Concord Pacific Place is "Canada's biggest master-planned urban community" and is projected to be North America's largest in terms of occupants and area when completed. It is located in Vancouver, British Columbia, on the north shore of False Creek. The area was formerly the rail yards of the Canadian Pacific Railway, and was redeveloped into the main site of the 1986 World Exposition.

In 1988, it was purchased by Concord Pacific Developments with investors led by Hongkonger billionaire Li Ka-shing. It was subsequently expanded during Vancouver's recurrent housing booms of the 1990s and 2000s, brought about by greater port traffic and general economic activity, waves of Asian immigration, and the 2010 Winter Olympics. Estimates of the total size of the finished development range from a "[C]$2 billion... 200 acre site comprises approximately 8,000 units of accommodation" to a "[C]$4 billion [site]... [home to] more than 20,000 people on over 200 acres" to "about 50 buildings with 10,000 homes".
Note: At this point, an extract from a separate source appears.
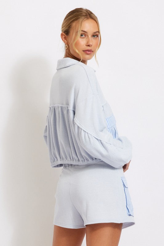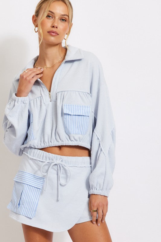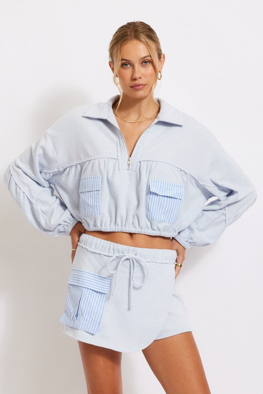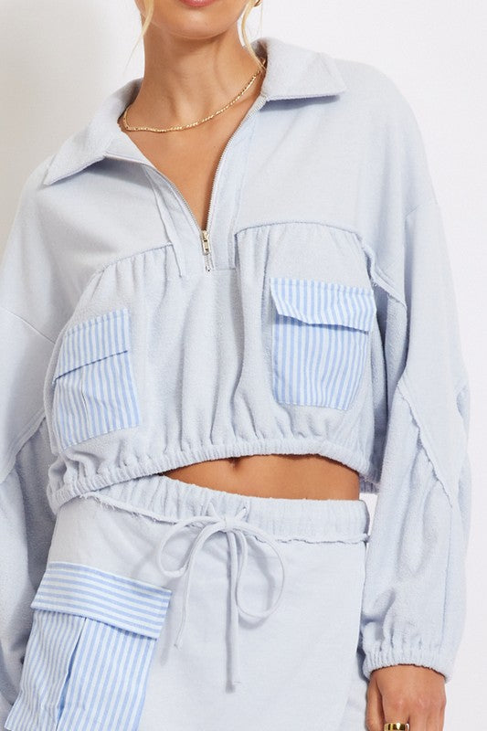 Features soft cotton terry fabric with striped patch pockets and a half zip. Its balloon sleeves with elastic cuffs and dropped shoulders add a stylish touch, while raw edge details and a collar complete the look. Comfortable and trendy for everyday wear.

In 2010, city councillor Geoff Meggs said that Vancouver City Council wouldn't push Concord Pacific Developments to develop the land on the project.

== See also ==
- Molson Indy Vancouver at Concord Pacific Place

- Similar redevelopments
- Old Canadian National rail yard (Edmonton)
- CityPlace, Toronto (also a former rail yard, developed by the same company)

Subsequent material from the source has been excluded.